How Mutational Burden Affects Survival in Metastatic Colorectal Cancer
Posted: Tuesday, April 23, 2019
In patients with metastatic colorectal cancer treated with first-line therapeutics, a low mutational burden along with BRAF and RAS mutations appear to be negative prognostic factors. Federico Innocenti, MD, PhD, of the University of North Carolina at Chapel Hill, and colleagues published the results of the CALGB/SWOG 80405 randomized phase III trial in the Journal of Clinical Oncology.
“Molecular DNA analysis of tumor alterations in patients with [metastatic colorectal cancer] can provide new tools to predict patient outcome and improve therapeutic decision making,” suggested the authors.

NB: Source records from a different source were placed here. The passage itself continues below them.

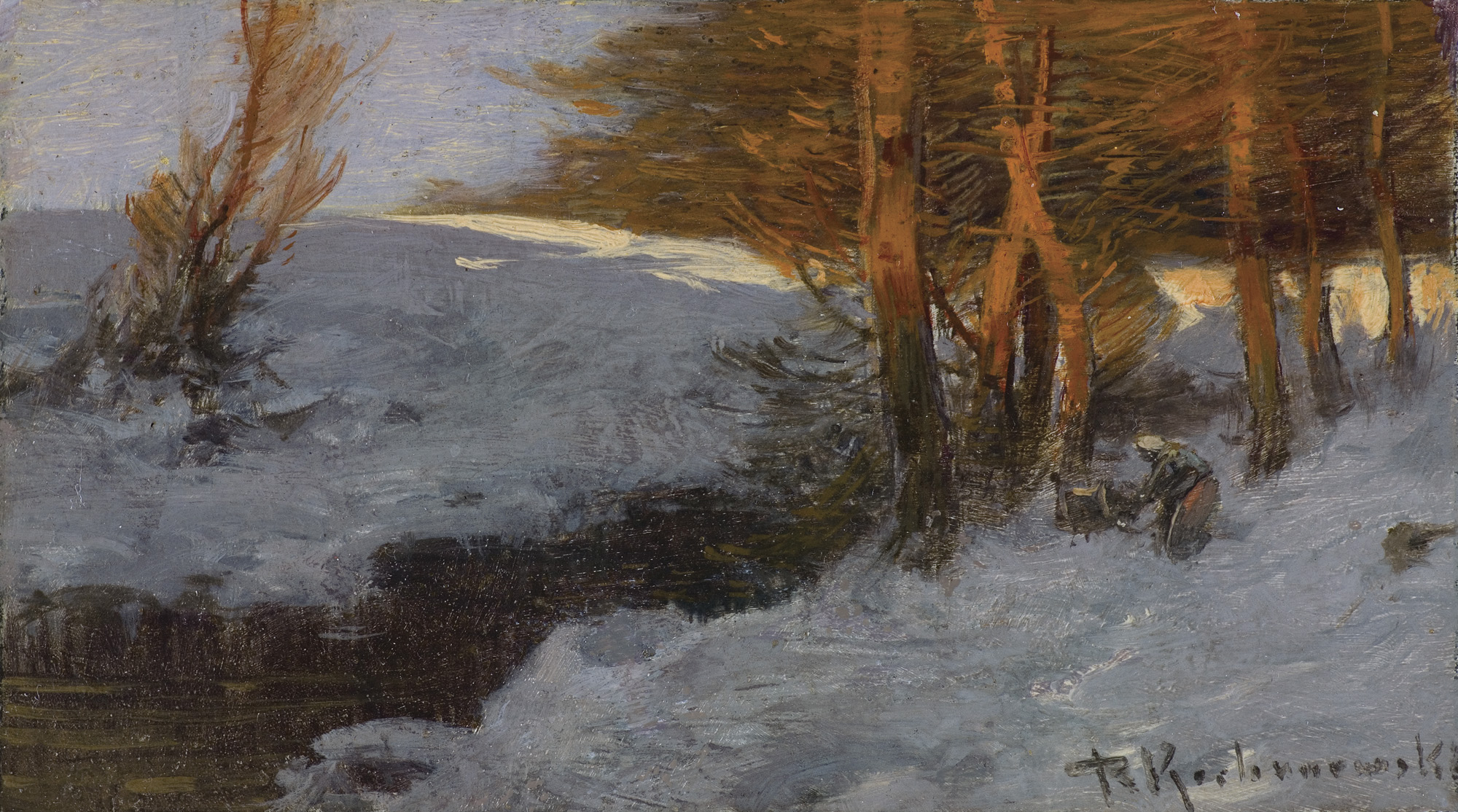 PEJZAŻ ZIMOWY ZE STRUMIENIEM, po 1900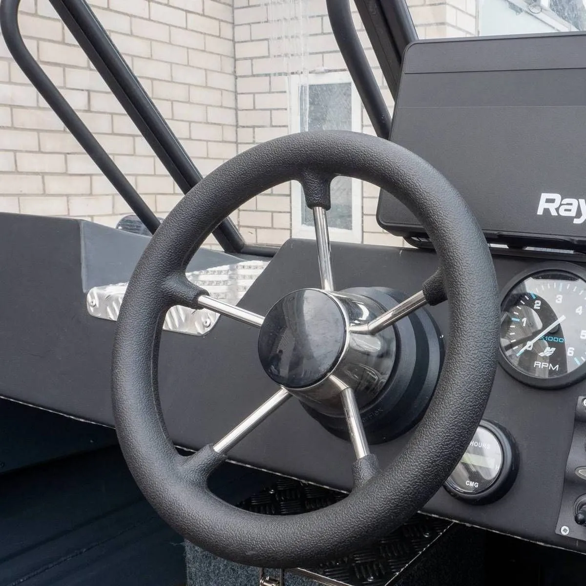 Рулевое колесо нержавейка пять спиц 340 мм (черное)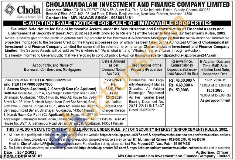 Commercial Hall Prop-erty Measuring 4 Marlas Situated At Vakiya Dinanagar Registered As Per Transfer Deed Bearing Document No. 2021-22/145/1/3437 Dated 07/02/2022
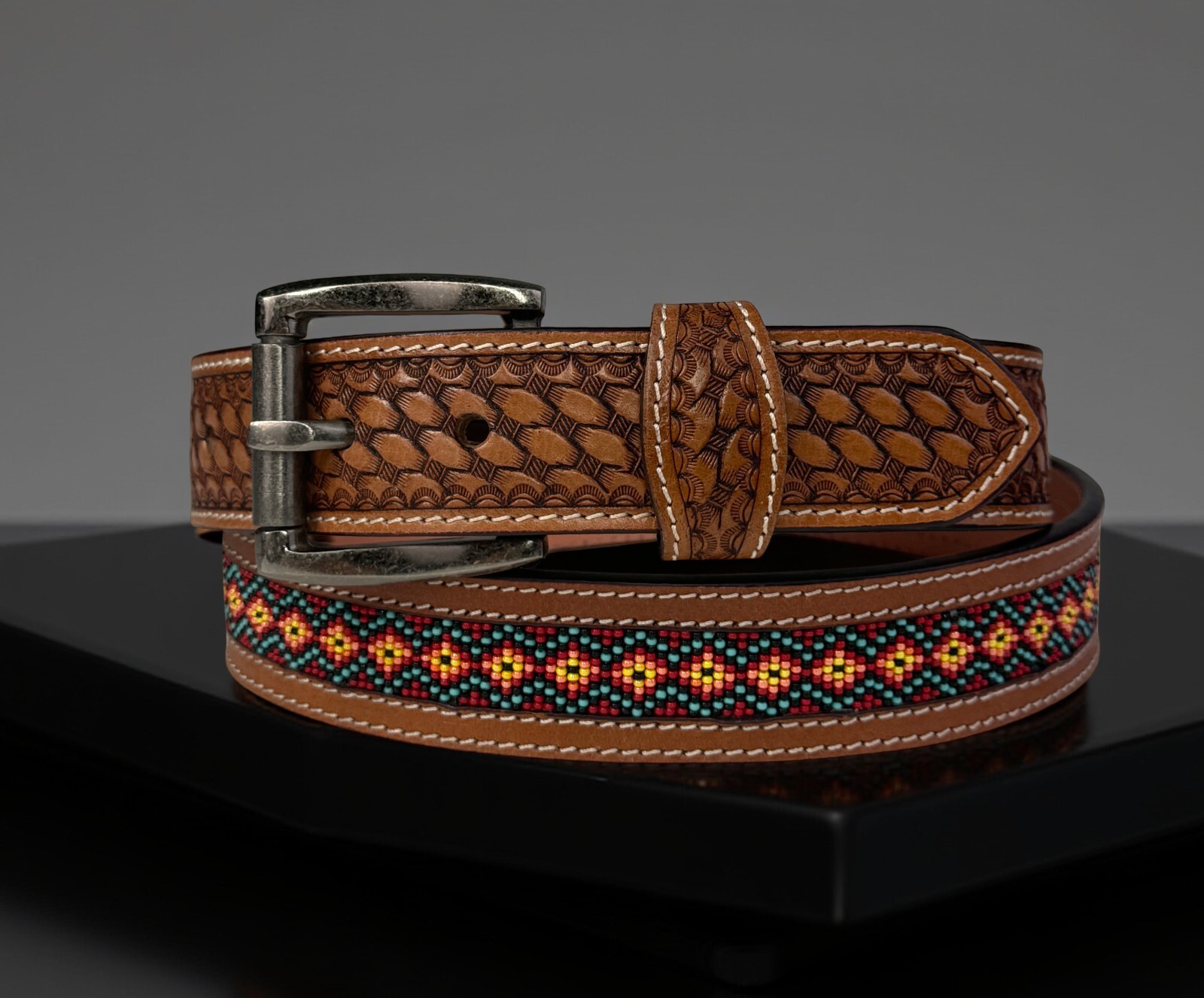 Beaded Western Belt Cowboy Rodeo Full Grain Leather Hand Tooled Removable Buckle

Primary tumors from 843 patients receiving bevacizumab (37%), cetuximab (38%), or a combination of both (25%) were used to find genetic markers of overall survival. Through a series of polymerase chain reaction, genotyping, and next-generation sequencing, researchers found that patients with a high tumor mutational burden had better overall survival than patients with a low mutational burden (hazard ratio = 0.73). The median mutational burden was 52 mutations/Mb for patients with microsatellite instability–high tumors, whereas those with microsatellite-stable tumors had a median of 6 mutations/Mb.
In addition, for those with microsatellite instability–high tumors, patients treated with bevacizumab compared with cetuximab had better overall survival (hazard ratio = 0.13). Patients with BRAF- and RAS-mutant tumors had shorter overall survival than patients with wild-type tumors (hazard ratio = 2.01 and 1.52, respectively). Those with wild-type NRAS, KRAS, and BRAF tumors had a median overall survival of 35.9 months, compared with 22.2 months if any of these three genes was mutated.
Disclosure: The study authors’ disclosure information may be found at ascopubs.org.